APELADO: JMC TRANSPORTES RODOVIARIOS LTDA - ME, UNIAO FEDERAL - FAZENDA NACIONAL

Advogado do(a) APELADO: LAZARO ALFREDO CANDIDO - SP89904

OUTROS PARTICIPANTES:

 

 

 

  

 

R E L A T Ó R I O

 

Cuida-se de embargos à execução ajuizados por CARRERA TRANSPORTES LTDA em face da UNIÃO. Valorada a causa em R$ 3.554,36.

Proferida sentença (fls. 127 dos autos físicos) julgando parcialmente procedente o feito para isentar a embargante do pagamento do encargo do Decreto-Lei 1.025/69, condenando-a em verba honorária fixada em 15% do valor do débito.

Apela a embargante (fls. 137).
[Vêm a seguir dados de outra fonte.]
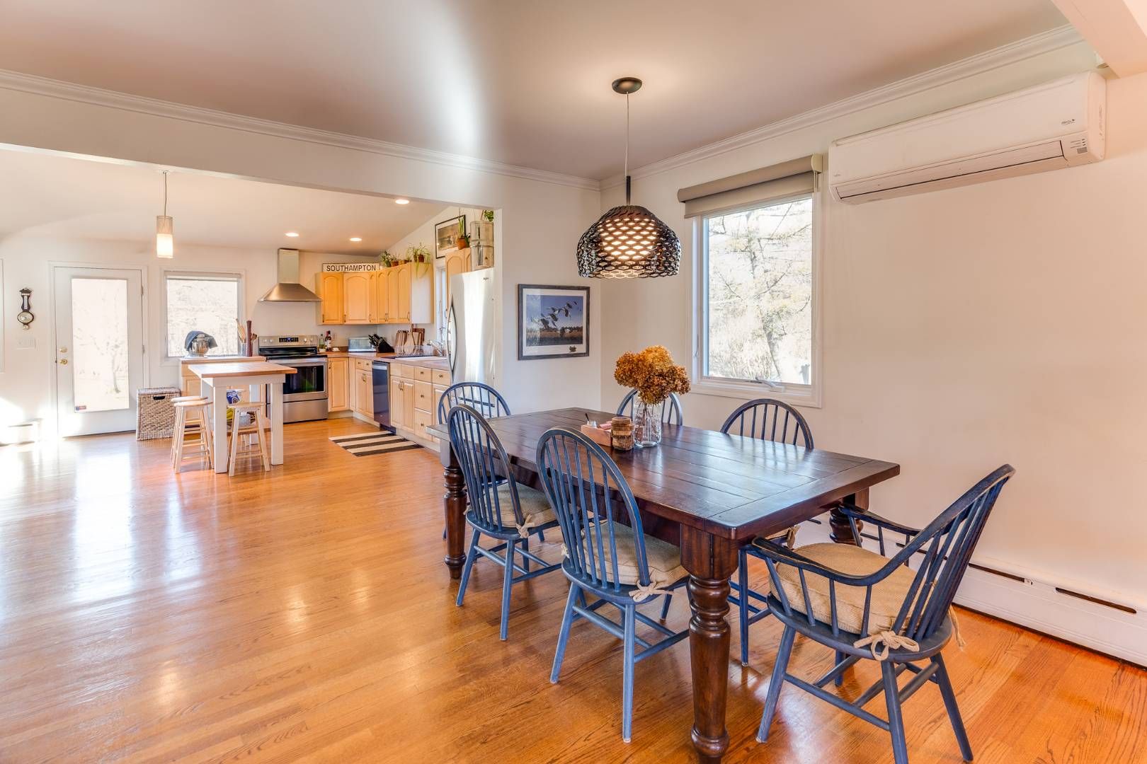 Conveniently located just north of Southampton Village. Super clean 2 bedroom 1 full bath home.Open floor plan with large kitchen and dining area flowing into living room with wood burning fireplace. Wall Fujitsu air conditioning. One car garage. Large yard perfect for entertaining and hosting a BBQ. Great value for summer 2026.
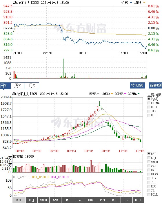 煤炭系期貨集體重挫,截止收盤(pán),動(dòng)力煤跌7.20%,報(bào)809.6元,創(chuàng)8月底以來(lái)新低。
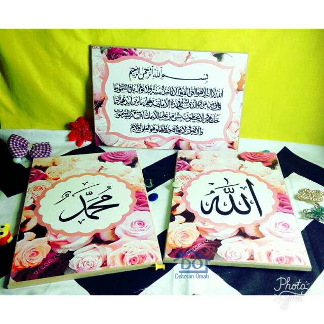 Kami adalah Produsen Home Decor Kota Malang dengan brand DEKORAN OMAH✔ 100% Produksi sendiri ✔ Bagi yang ingin desain sendiri atau hanya rubah warna/tulisan/desain WAJIB gunakan lapak custom jangan yang ini!✔ Reseller and Dropshiper are welcome ✔ Untuk walldecor tidak perlu bertanya Ready atau Tidak sihlakan langsung order saja kecuali lapak yang ada tulisan Custom / POSPESIFIKASI PRODUK✔ 1 set 3 pcs✔ Ukuran Allah Muhammad + Ayat Kursi 30cm x 20cm✔ Bahan papan MDF lapis stiker dicetak menggunakan mesin cetak kualitas Premium ditambah dengan Laminasi doff supaya hasil maksimal dan warna semakin awet✔ Tinggal dicantolkan ke tembok atau dipajang✔ Packing bubble wrap + kasih stiker fragileLihat Seluruh Produk Kami : klik ==> #DOItem <==Lihat produk kami berdasarkan kategori Kaligrafi : klik ==> #DOKaligraf
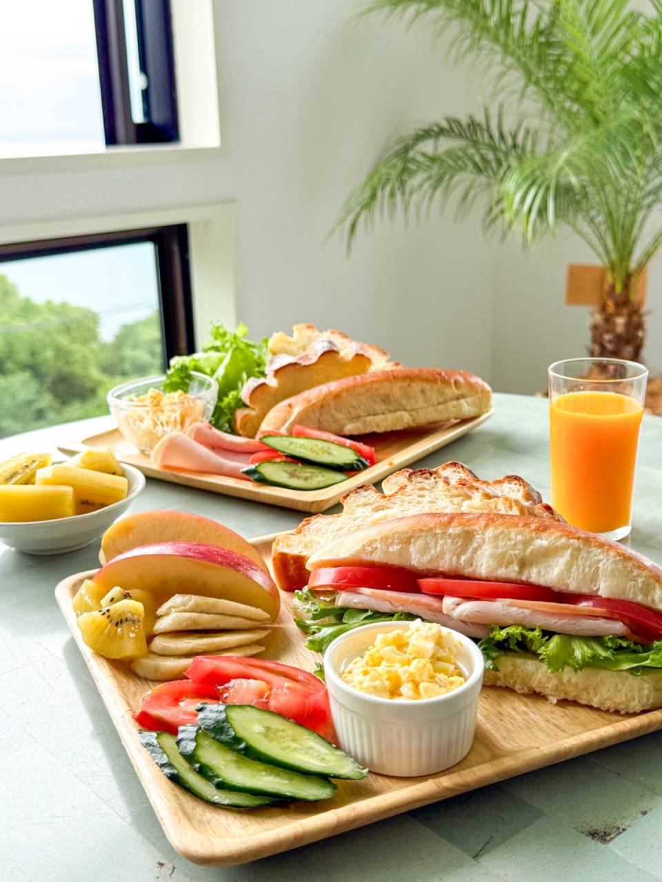 材料、製法をこだわり抜いた焼き立てパン。地元のお野菜、日の出卵。お好みの具材をチョイスして、挟んでお召し上がりください。
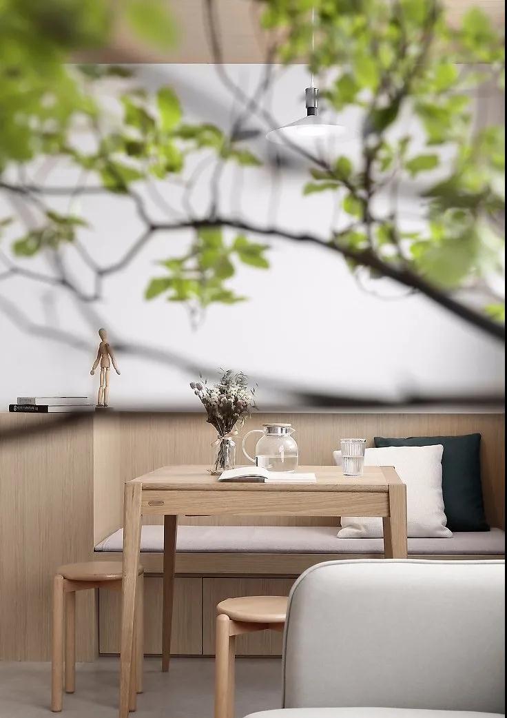 餐廳卡座做成開門式收納柜,鋪上軟墊與抱枕,提高坐感的舒適度,搭配簡單的原木色系木質餐桌,打造溫馨質樸的就餐環境。

Sustenta:

- Que a preliminar de nulidade da penhora (acolhida pelo Juiz) não podia ser veiculada na impugnação dos embargos, e que os títulos da dívida agrária são válidos como bens suscetíveis de penhora;

- Que a União deveria ser condenada em verba honorária de 20% sobre a parte em que sucumbiu;

- Que a TR não pode ser utilizada como índice de correção monetária;

- Que não é possível ter certeza sobre a origem da dívida (se é débito de FGTS ou de custas processuais), nem sobre seu período;

- Que não há demonstrativo de atualização do valor devido.

 

Apela também a União (fls. 153). Requer seja mantido na cobrança o encargo do DL 1.025/69.

 

Os autos foram remetidos à Justiça do Trabalho, tendo em vista a EC 45/2004.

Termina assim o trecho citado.